◆ DIRECTIONS FOR THIS TASK ◆
Look in the material below for the line holding "Lifeguard tower on". Set it down exactly, with each later line up to and including the line holding "начать новый сезон.".

◆ DATA TO EXAMINE ◆
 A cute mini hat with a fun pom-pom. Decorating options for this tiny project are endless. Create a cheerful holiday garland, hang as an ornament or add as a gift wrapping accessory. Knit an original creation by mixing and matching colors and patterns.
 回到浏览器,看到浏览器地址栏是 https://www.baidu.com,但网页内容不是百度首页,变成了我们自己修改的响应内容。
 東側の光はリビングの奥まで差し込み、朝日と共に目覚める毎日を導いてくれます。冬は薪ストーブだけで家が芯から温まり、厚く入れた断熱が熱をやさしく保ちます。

--

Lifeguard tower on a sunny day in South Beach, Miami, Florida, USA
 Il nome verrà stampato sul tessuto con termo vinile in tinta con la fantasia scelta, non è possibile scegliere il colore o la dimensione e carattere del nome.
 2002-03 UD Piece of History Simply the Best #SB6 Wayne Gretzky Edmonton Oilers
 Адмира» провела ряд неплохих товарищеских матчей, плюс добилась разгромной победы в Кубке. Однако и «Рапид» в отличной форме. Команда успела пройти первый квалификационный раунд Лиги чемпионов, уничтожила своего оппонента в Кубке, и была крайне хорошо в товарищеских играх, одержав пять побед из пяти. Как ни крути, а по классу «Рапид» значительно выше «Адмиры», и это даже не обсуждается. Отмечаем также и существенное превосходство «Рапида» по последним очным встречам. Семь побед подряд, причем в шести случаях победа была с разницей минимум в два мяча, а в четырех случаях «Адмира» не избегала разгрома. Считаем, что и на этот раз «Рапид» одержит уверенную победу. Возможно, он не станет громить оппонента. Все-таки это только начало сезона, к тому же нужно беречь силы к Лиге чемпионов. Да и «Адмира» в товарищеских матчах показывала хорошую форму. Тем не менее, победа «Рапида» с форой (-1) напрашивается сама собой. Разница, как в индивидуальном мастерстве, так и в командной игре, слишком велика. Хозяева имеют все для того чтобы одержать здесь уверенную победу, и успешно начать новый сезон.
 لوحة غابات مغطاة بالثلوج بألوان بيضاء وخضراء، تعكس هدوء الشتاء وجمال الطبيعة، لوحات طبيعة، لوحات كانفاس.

◆ RESULT OF THE TASK ◆
Lifeguard tower on a sunny day in South Beach, Miami, Florida, USA
 Il nome verrà stampato sul tessuto con termo vinile in tinta con la fantasia scelta, non è possibile scegliere il colore o la dimensione e carattere del nome.
 2002-03 UD Piece of History Simply the Best #SB6 Wayne Gretzky Edmonton Oilers
 Адмира» провела ряд неплохих товарищеских матчей, плюс добилась разгромной победы в Кубке. Однако и «Рапид» в отличной форме. Команда успела пройти первый квалификационный раунд Лиги чемпионов, уничтожила своего оппонента в Кубке, и была крайне хорошо в товарищеских играх, одержав пять побед из пяти. Как ни крути, а по классу «Рапид» значительно выше «Адмиры», и это даже не обсуждается. Отмечаем также и существенное превосходство «Рапида» по последним очным встречам. Семь побед подряд, причем в шести случаях победа была с разницей минимум в два мяча, а в четырех случаях «Адмира» не избегала разгрома. Считаем, что и на этот раз «Рапид» одержит уверенную победу. Возможно, он не станет громить оппонента. Все-таки это только начало сезона, к тому же нужно беречь силы к Лиге чемпионов. Да и «Адмира» в товарищеских матчах показывала хорошую форму. Тем не менее, победа «Рапида» с форой (-1) напрашивается сама собой. Разница, как в индивидуальном мастерстве, так и в командной игре, слишком велика. Хозяева имеют все для того чтобы одержать здесь уверенную победу, и успешно начать новый сезон.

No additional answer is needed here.